Date
21 September 2018
Students perform a routine in 'Gayane -- The Dance with Tambourines'. Photo: Jean M. Wong School of Ballet
Students perform a routine in 'Gayane -- The Dance with Tambourines'. Photo: Jean M. Wong School of Ballet

A ballet school’s joyful celebration

In mid-August, the Jean M. Wong School of Ballet, the largest and most prestigious ballet school in Hong Kong, had a cause for celebration. Jordan Chan Yeuk-hay, a 16-year-old Hong Kong student taught by Yui Man Cheung in the school, was awarded the bronze medal at the 2018 Genée International Ballet Competition, which was held in the city this year by Britain’s Royal Academy of Dance.

Over the weekend of August 18 and 19, I attended the annual “Stars of Tomorrow 2018” show presented by the school in the Sha Tin Town Hall. The total number of students on stage this year numbered about 700. Every year I am overwhelmingly impressed by the high quality and professionalism shown by the students of the school, as well as the students participating in the International Summer Dance School.

Last year, they were impressive in the classic “The Sleeping Beauty”. And this year they were equally ambitious to dance another difficult 19th century classic “La Bayadère” (The Temple Dancer), which formed the second half of this year’s show. Jordan Chan was cast in the male lead role of Solor — a young warrior who is in love with Nikiya, but betrothed to Gamzatti.

But due to a clash in schedule, I only attended the first half of this show, which consisted of eight different numbers spanning a good variety of styles and moods.
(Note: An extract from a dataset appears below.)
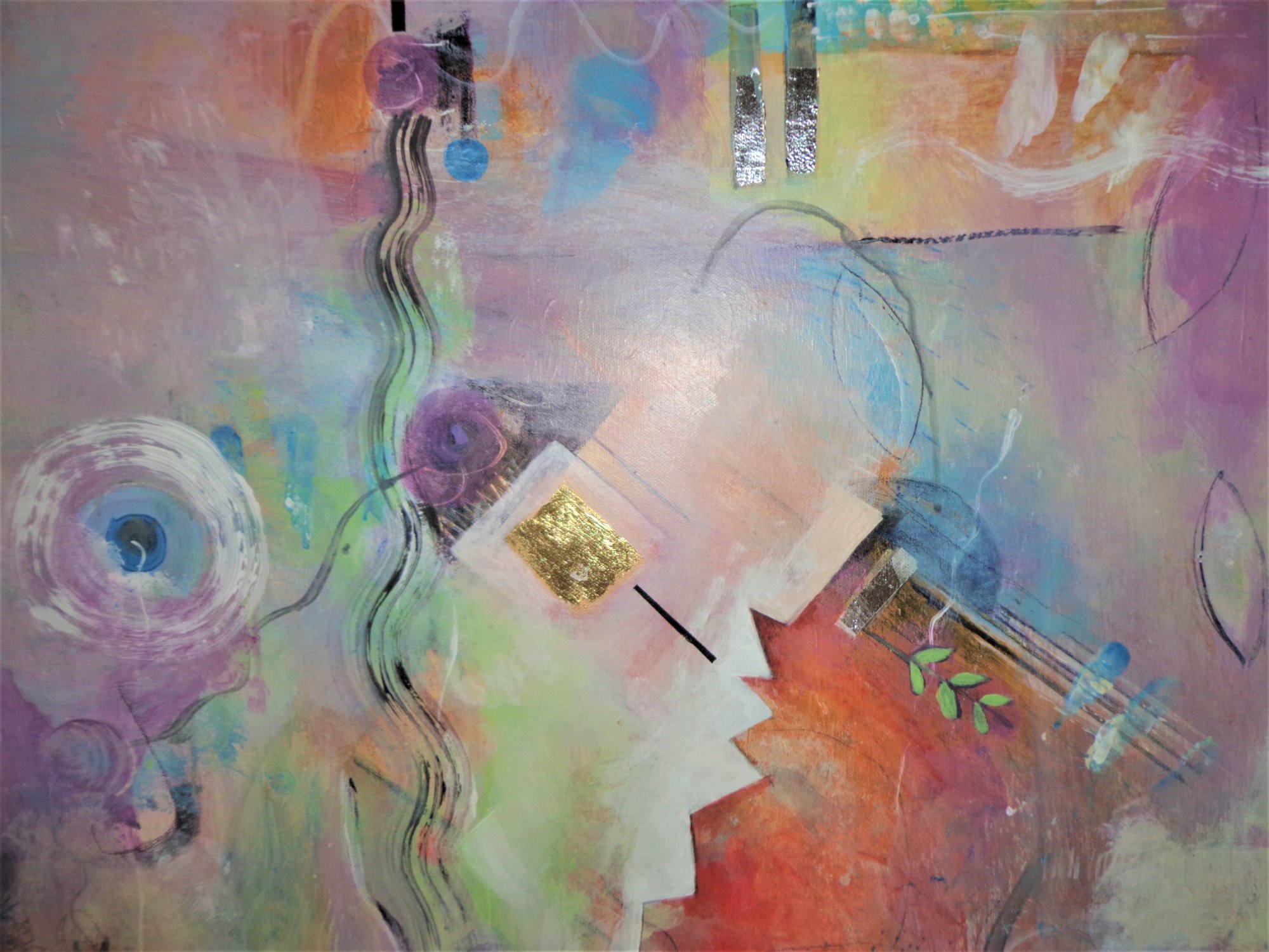 This 24" x 30" acrylic on canvas painting, 'Sunset on Grand Canyon,' by Dragana Milovic is a fantastical abstracted landscape inspired by the Grand Canyon. "During a visit to the Grand Canyon I was fascinated by nature's colors which surrounded me. This painting represents parts of the palette of colors I experienced that day and which remain in my memory." -Ana Gard
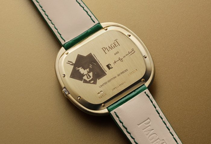 หน้าปัดล้อมกรอบด้วยตัวเรือนเยลโลว์โกลด์ 18 กะรัต ขนาด 45 มม. ขอบตัวเรือนดีไซน์แบบขั้นบันได และจับคู่กับสายหนังสีเขียวเข้มที่ให้ความรู้สึกหรูหราแต่ไม่แย่งความสนใจไปจากหน้าปัดได้ เมื่อพลิกมาที่ด้านหลังตัวเรือนจะพบกับการตกแต่งด้วยการขัดลายซาตินแนวตั้ง ซึ่งปกป้องกลไกที่อยู่ภายใน อย่าง กลไกอัตโนมัติ Calibre 501P1 ที่ผลิตขึ้นภายในโรงงานของ Piaget เอง มอบสำรองลานยาวนาน 40 ชั่วโมง พร้อมการตกแต่งลาย Côtes de Genève อันประณีต เหนือสิ่งอื่นใด ที่ฝาหลังยังปรากฏภาพสลักใบหน้าของ Andy Warhol จากภาพถ่ายพอร์เทรตของกล้องโพลารอยด์อันเป็นต้นแบบแห่งแรงบันดาลใจในการสร้างสรรค์นาฬิกาเรือนนี้ พร้อมด้วยโลโก้ Piaget และลายเซ็นของศิลปินผู้ยิ่งใหญ่ และนี่คืออีกชิ้นงานที่รังสรรค์ขึ้นเพื่อตอบโจทย์ผู้ที่แสวงหาเรือนเวลาอันทรงคุณค่าและควรค่าแก่การสะสม

The show started with the awards presentation ceremony. As a bonus to the audience, prominent guest stars from overseas grace this show every year. Last year, there was a pair from the Hamburg Ballet. This year, the highlight was the “Don Quixote” pas de deux performed by the Universal Ballet’s principal dancers Kang Mi-sun and Konstantin Novoselov, who were dazzling in their technical virtuosity.

Let’s turn to the students’ own performances. “Gayane – The Dance with Tambourines” was danced with high spirits by the whole cast. The staging by the Russian teacher Andrei Matinkine was fine. A good contrast was provided by a modern dance number “HAA” set to Max Richter’s music, and well performed by the Level 3 students of the International Summer Dance School.

Also enjoyable was a jolly number “Haste” set to La Gioconda by Ponchielli, and also choreographed by Matinkine for the Level 3 students. The junior Level 1 students in turn showed off their skills in “Vivaldi Giocoso” choreographed by Linda Gelinas.

Madam Jean Wong, who founded the school 58 years ago, is still tireless in managing the institution’s affairs, as well as active in the local ballet circle. Undoubtedly she is the most iconic face associated with ballet here in Hong Kong. Long may Jean and her school flourish!